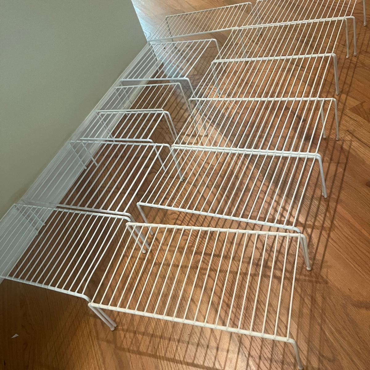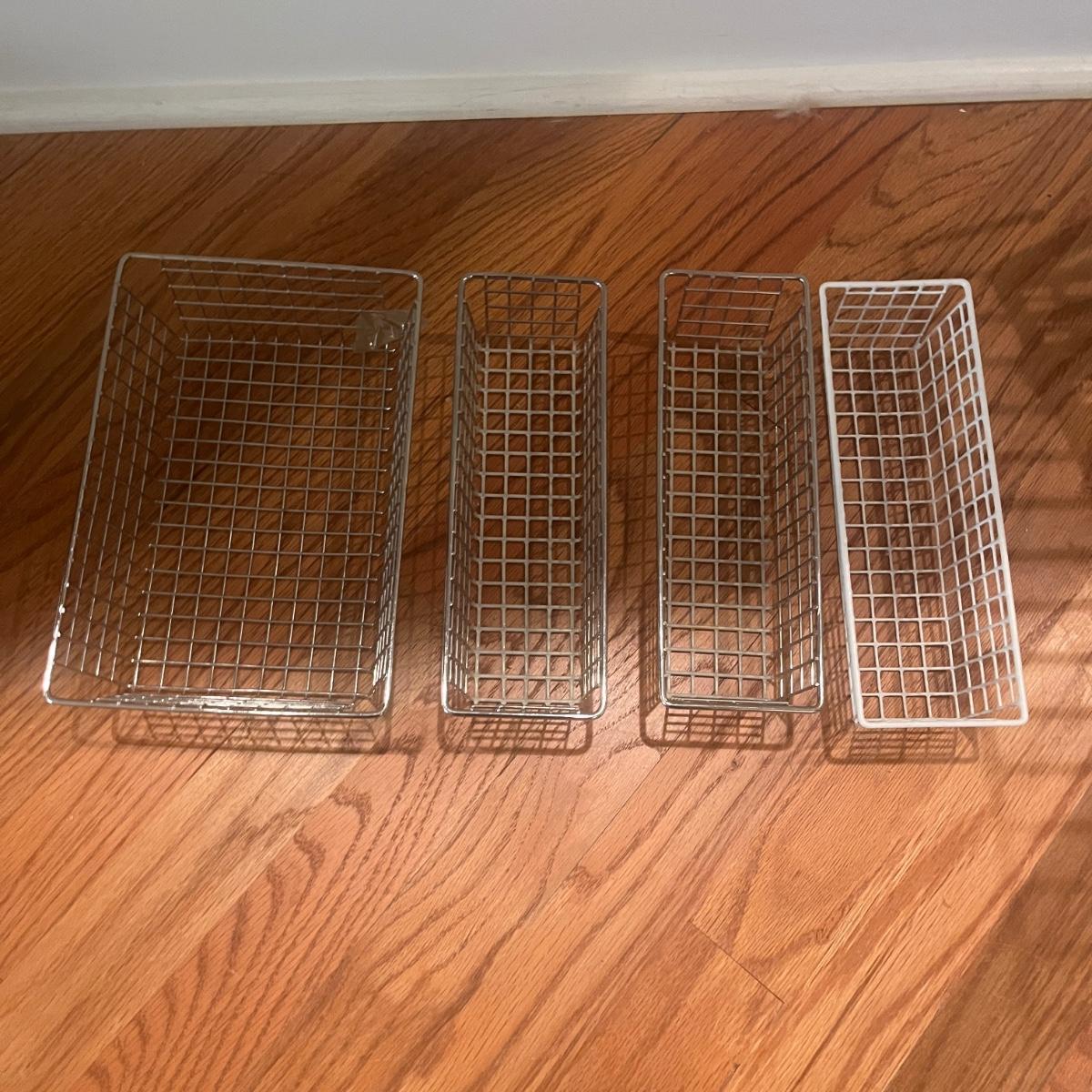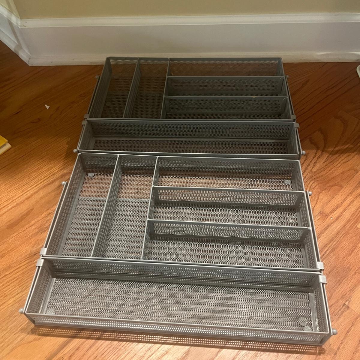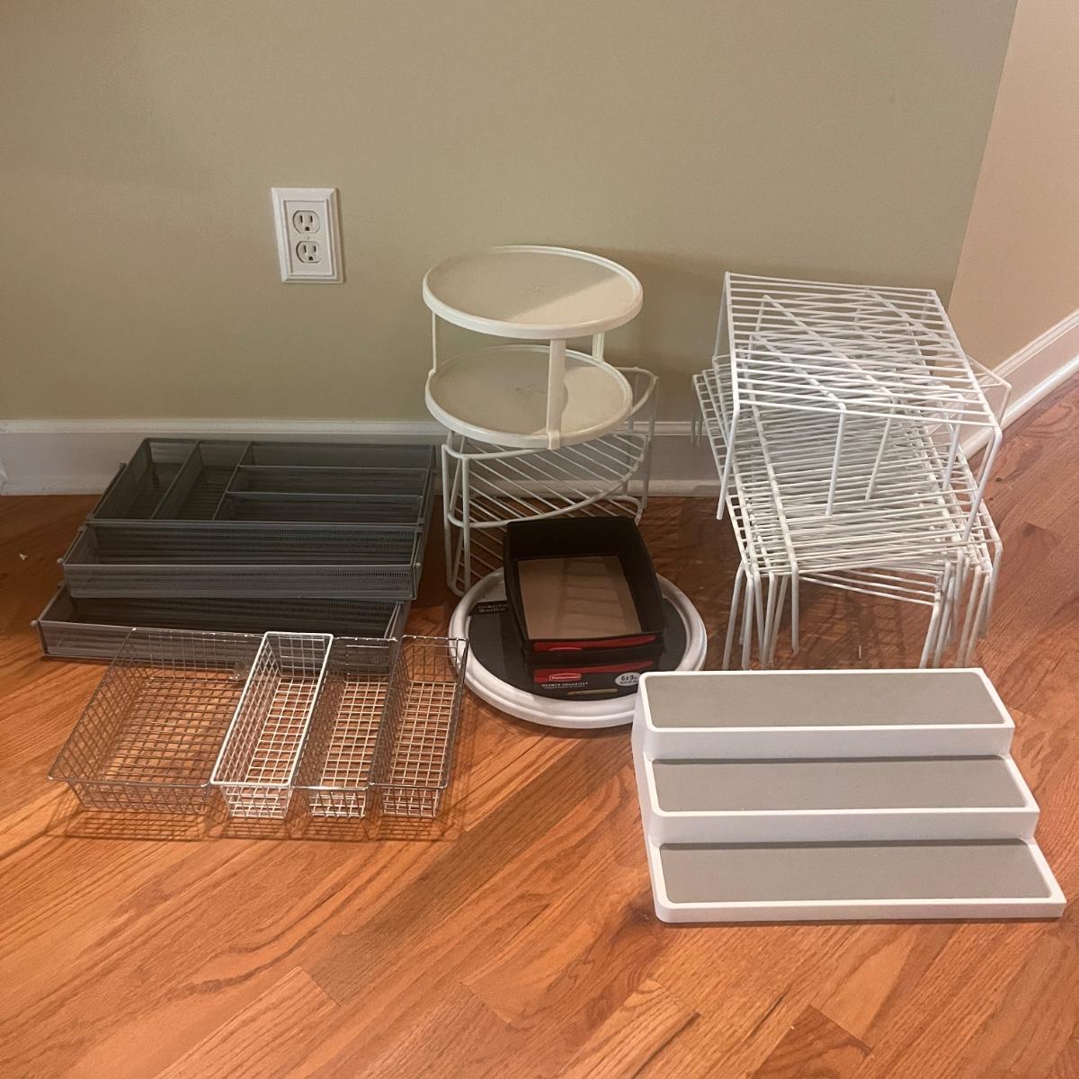 Lot includes ten plastic covered wire shelf organizers, two expandable metal cutlery holders, four metal baskets, three Rubbermaid drawer organizers, lazy Susan and expandable spice organizer. Expandable cutlery holders measure 11.5” x 16” x 3”H when not expanded and 18.5” x 16” x 2”H at maximum expansion.
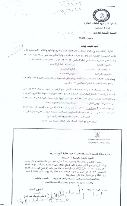 قد ورد للإدارة المركزية للعلاقات الثقافية ولأمانة المجلس كتاب اللجنة الوطنية للتربيةوالعلوم الثقافة بشأن تقديم الجمهورية التشيكية عدد (1 )منح للدراسة الجامعية بدولتها لصالح عدد معين من الأعضاء باليونسكو ومصر احدى الدول المستفيدة عن العام الدراسى 2014-2015 ومن مجالات الدراسة المفتوحة :-ن
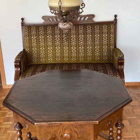 Sofa + sofabord , 125 år gl., b: 130 d: 70 h: 105, Sofa + sofabord sælges på grund af pladsmangel, sofaen er ombetrukken og bordet trænger til opslibning og ny behandling, men er i god stand - virkelig flot møbelsæt fra gammel tid
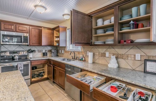 6. Check-out time is 10 AM. Check-out information is located in the Guest Book and will be emailed. Unauthorized late checkout will be charged the full security deposit plus additional charges if it results in the cancellation of incoming guests. Please leave the house the way you found it. No need to make the beds on check-out day. Leave all the beds unmade (sheets/comforters/pillows). Please place all towels in the laundry basket on top of the dryer in the garage. Start the dishwasher with any last-minute dishes, etc. We will put them away.
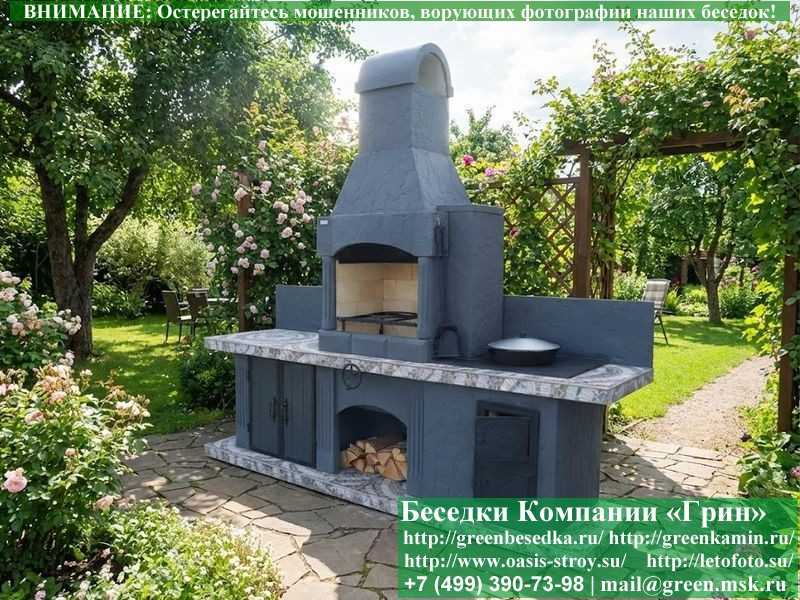 Мы предлагаем купить печь-барбекю для беседки, летней кухни или улицы в очень интересном оформлении. Отделка предполагает использование гранита, мрамора, байрамикса. Это не только красивое, но и функциональное решение, потому что натуральный камень хорошо моется, он устойчив к высокой температуре и холоду, механическому воздействию.
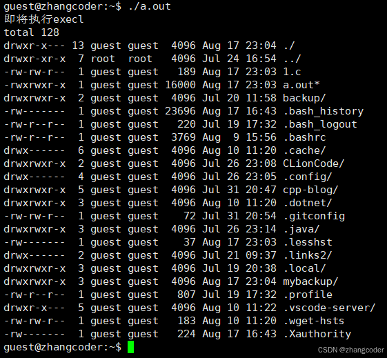 运行结果:打印了"即将执行execl\n",执行了ls -a -l -F,但是没有打印"execl已经执行完了\n"
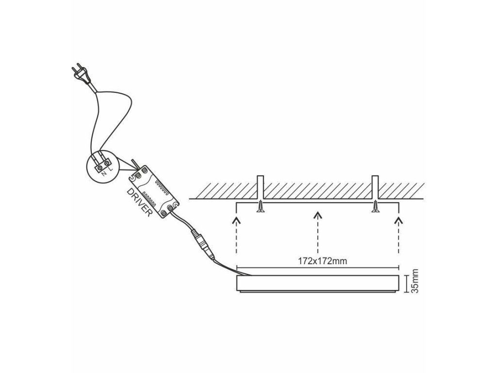 Panel je prispôsobený pre montáž priamo na stenu alebo strop.
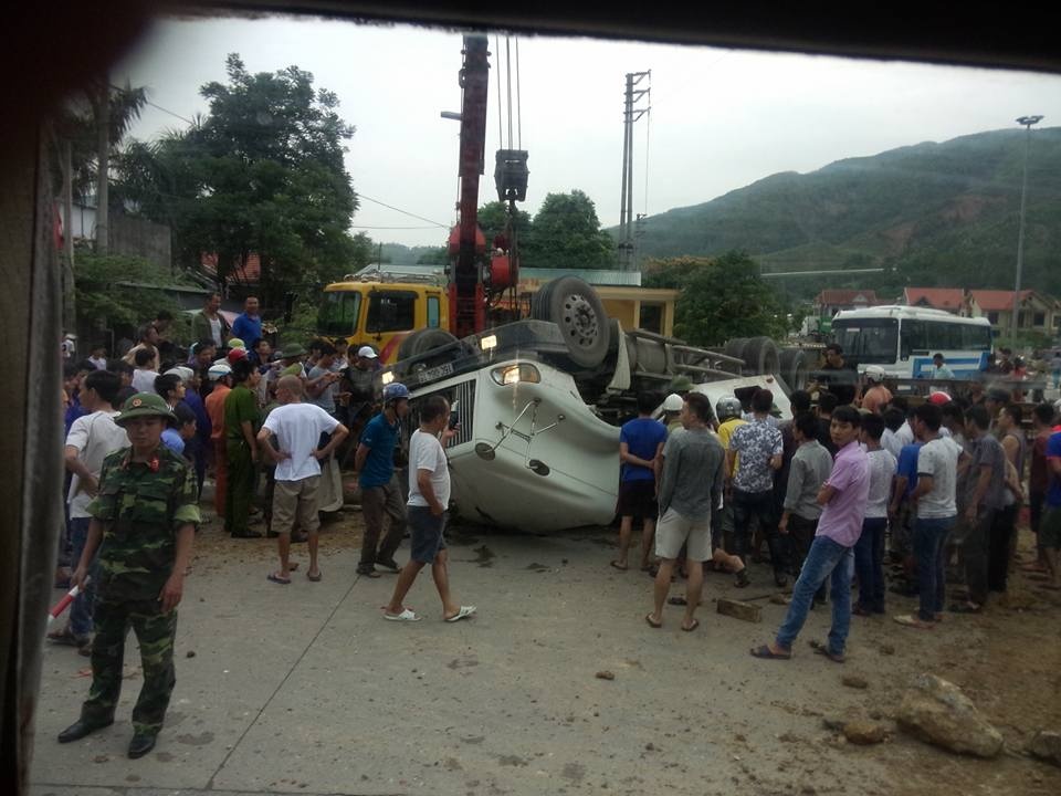 Nhân chứng Nguyễn Huy cho biết, trong lúc ôm cua, chiếc xe trọng tải lớn bất ngờ đâm và xới tung 10 m dải phân cách cứng. Xe container lật nghiêng trên đường, đầu xe lật ngửa. Tài xế và phụ xe mắc kẹt trong cabin.

#### EXERCISE REQUIREMENTS:
Without the pictures, please output every record exactly.

#### FINISHED EXERCISE:
 Lot includes ten plastic covered wire shelf organizers, two expandable metal cutlery holders, four metal baskets, three Rubbermaid drawer organizers, lazy Susan and expandable spice organizer. Expandable cutlery holders measure 11.5” x 16” x 3”H when not expanded and 18.5” x 16” x 2”H at maximum expansion.
 قد ورد للإدارة المركزية للعلاقات الثقافية ولأمانة المجلس كتاب اللجنة الوطنية للتربيةوالعلوم الثقافة بشأن تقديم الجمهورية التشيكية عدد (1 )منح للدراسة الجامعية بدولتها لصالح عدد معين من الأعضاء باليونسكو ومصر احدى الدول المستفيدة عن العام الدراسى 2014-2015 ومن مجالات الدراسة المفتوحة :-ن
 Sofa + sofabord , 125 år gl., b: 130 d: 70 h: 105, Sofa + sofabord sælges på grund af pladsmangel, sofaen er ombetrukken og bordet trænger til opslibning og ny behandling, men er i god stand - virkelig flot møbelsæt fra gammel tid
 6. Check-out time is 10 AM. Check-out information is located in the Guest Book and will be emailed. Unauthorized late checkout will be charged the full security deposit plus additional charges if it results in the cancellation of incoming guests. Please leave the house the way you found it. No need to make the beds on check-out day. Leave all the beds unmade (sheets/comforters/pillows). Please place all towels in the laundry basket on top of the dryer in the garage. Start the dishwasher with any last-minute dishes, etc. We will put them away.
 Мы предлагаем купить печь-барбекю для беседки, летней кухни или улицы в очень интересном оформлении. Отделка предполагает использование гранита, мрамора, байрамикса. Это не только красивое, но и функциональное решение, потому что натуральный камень хорошо моется, он устойчив к высокой температуре и холоду, механическому воздействию.
 运行结果:打印了"即将执行execl\n",执行了ls -a -l -F,但是没有打印"execl已经执行完了\n"
 Panel je prispôsobený pre montáž priamo na stenu alebo strop.
 Nhân chứng Nguyễn Huy cho biết, trong lúc ôm cua, chiếc xe trọng tải lớn bất ngờ đâm và xới tung 10 m dải phân cách cứng. Xe container lật nghiêng trên đường, đầu xe lật ngửa. Tài xế và phụ xe mắc kẹt trong cabin.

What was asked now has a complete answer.